*What is required:* After finding the line with "Ideal for bedrooms, nurseries, or" in the entries below, retype exactly each line from there through the line with "En su columna", including that final line.

*Input records:*
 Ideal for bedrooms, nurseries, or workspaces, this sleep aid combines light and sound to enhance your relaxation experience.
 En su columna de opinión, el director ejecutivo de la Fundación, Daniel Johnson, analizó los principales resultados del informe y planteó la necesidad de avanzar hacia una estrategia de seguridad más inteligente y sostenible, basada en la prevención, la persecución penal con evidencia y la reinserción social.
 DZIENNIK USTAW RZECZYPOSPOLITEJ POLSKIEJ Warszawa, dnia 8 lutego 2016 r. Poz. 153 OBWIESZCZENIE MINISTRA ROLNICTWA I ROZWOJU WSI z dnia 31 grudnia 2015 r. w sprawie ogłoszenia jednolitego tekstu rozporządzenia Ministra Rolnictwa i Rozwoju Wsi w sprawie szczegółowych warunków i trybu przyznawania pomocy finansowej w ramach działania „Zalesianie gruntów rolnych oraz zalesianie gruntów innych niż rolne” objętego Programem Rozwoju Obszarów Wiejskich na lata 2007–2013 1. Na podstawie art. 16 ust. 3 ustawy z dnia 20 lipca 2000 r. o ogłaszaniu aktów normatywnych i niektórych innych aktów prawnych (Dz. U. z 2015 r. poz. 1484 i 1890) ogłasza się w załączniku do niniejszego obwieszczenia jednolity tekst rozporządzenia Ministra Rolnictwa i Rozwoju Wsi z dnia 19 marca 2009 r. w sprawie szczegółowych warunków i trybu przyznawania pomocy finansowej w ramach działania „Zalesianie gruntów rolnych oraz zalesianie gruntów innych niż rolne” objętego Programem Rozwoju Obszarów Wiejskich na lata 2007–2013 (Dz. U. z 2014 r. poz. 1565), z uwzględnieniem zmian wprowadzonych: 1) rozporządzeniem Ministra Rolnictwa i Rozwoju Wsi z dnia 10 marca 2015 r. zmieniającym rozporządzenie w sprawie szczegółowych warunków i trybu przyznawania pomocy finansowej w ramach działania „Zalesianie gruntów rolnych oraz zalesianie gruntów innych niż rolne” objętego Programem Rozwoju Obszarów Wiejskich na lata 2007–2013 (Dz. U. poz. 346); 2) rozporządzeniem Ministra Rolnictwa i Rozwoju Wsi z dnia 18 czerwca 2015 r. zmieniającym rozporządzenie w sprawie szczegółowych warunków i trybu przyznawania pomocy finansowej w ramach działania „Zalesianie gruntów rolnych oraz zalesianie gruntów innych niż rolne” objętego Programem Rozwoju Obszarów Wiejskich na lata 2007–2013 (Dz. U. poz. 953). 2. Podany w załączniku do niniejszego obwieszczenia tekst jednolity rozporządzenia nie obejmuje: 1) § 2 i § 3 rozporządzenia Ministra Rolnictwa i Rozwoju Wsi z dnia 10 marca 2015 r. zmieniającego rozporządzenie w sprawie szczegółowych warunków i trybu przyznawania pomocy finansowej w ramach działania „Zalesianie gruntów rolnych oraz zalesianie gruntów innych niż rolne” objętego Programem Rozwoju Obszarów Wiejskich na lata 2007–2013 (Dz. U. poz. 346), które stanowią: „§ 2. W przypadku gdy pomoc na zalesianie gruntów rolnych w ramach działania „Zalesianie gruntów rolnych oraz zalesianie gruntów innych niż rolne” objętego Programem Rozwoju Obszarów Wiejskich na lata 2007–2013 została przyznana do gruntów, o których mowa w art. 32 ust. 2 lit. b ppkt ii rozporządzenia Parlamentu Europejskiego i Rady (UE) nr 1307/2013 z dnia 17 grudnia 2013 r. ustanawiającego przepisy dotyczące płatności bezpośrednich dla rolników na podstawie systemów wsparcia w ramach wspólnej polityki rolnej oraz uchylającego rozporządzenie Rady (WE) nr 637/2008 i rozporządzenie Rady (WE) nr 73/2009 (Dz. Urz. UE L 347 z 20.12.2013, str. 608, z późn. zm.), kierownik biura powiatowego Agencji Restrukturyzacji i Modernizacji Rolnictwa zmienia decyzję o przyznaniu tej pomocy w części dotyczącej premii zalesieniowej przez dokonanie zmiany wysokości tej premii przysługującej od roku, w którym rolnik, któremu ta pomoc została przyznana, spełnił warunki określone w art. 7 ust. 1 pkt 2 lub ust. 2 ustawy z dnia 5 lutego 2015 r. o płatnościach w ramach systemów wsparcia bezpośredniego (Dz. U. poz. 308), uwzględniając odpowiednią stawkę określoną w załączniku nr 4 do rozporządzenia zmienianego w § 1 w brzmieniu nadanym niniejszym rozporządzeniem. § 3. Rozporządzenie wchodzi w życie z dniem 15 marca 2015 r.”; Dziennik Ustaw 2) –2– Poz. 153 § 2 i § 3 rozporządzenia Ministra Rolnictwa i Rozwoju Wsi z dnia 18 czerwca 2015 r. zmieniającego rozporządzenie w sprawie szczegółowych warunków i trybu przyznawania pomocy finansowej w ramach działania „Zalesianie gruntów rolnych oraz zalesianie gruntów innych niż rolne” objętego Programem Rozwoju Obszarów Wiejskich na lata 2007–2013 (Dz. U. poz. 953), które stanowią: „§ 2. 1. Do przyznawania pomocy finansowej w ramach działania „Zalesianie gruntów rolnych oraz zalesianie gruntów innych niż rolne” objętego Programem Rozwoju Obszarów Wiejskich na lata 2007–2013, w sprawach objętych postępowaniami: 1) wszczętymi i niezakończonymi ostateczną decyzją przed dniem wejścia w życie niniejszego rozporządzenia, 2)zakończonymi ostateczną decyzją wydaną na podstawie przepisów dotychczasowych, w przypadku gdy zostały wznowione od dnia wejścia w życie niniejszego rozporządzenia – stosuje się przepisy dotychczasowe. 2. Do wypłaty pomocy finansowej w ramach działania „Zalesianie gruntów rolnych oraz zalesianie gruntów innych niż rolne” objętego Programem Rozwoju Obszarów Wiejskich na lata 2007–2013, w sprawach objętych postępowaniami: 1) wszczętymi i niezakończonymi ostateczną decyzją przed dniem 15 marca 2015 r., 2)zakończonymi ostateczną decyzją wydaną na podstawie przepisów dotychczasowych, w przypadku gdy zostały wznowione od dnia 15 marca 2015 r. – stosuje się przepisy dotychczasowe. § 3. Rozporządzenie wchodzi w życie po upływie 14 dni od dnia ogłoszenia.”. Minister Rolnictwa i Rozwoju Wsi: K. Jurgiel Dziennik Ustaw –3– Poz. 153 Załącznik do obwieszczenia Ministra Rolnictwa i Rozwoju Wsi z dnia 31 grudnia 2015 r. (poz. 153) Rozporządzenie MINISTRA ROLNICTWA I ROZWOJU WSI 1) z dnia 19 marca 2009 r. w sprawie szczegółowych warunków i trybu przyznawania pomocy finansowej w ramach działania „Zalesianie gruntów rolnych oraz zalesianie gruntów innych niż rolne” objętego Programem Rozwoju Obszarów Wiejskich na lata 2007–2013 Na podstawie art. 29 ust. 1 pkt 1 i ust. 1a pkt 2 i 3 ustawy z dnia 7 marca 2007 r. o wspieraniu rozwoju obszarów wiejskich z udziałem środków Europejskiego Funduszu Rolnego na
==
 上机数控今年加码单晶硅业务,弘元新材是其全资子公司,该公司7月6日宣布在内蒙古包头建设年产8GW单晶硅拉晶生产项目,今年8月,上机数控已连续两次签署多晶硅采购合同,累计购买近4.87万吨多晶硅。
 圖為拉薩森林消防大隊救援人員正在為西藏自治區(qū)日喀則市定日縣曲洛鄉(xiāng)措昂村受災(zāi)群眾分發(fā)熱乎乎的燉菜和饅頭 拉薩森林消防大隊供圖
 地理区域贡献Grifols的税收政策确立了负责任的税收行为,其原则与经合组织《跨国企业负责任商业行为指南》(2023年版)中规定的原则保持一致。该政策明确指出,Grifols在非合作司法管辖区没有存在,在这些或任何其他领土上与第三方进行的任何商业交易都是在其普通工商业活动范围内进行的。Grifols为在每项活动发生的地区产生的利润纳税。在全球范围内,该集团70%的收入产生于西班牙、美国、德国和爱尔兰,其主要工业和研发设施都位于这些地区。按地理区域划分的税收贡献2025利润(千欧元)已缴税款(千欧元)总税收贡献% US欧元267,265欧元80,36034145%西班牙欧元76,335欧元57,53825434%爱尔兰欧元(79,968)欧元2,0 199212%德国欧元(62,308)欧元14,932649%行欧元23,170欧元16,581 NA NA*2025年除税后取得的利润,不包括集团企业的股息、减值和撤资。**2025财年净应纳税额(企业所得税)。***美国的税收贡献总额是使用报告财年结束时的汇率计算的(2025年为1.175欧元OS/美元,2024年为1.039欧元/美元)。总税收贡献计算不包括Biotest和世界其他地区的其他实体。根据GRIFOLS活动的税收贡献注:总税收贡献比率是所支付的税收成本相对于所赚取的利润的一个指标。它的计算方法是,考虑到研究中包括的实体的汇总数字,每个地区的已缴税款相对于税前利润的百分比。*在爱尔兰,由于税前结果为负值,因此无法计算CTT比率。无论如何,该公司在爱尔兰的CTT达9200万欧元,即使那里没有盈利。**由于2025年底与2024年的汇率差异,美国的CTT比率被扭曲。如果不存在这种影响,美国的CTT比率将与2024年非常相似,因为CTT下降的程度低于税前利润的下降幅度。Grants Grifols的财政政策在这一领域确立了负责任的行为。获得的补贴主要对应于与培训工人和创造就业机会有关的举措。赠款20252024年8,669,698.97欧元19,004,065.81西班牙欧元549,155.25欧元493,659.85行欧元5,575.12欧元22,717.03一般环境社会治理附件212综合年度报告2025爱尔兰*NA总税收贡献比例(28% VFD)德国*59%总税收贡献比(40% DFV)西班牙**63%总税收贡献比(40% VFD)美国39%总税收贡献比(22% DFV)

*Response box:*
 Ideal for bedrooms, nurseries, or workspaces, this sleep aid combines light and sound to enhance your relaxation experience.
 En su columna de opinión, el director ejecutivo de la Fundación, Daniel Johnson, analizó los principales resultados del informe y planteó la necesidad de avanzar hacia una estrategia de seguridad más inteligente y sostenible, basada en la prevención, la persecución penal con evidencia y la reinserción social.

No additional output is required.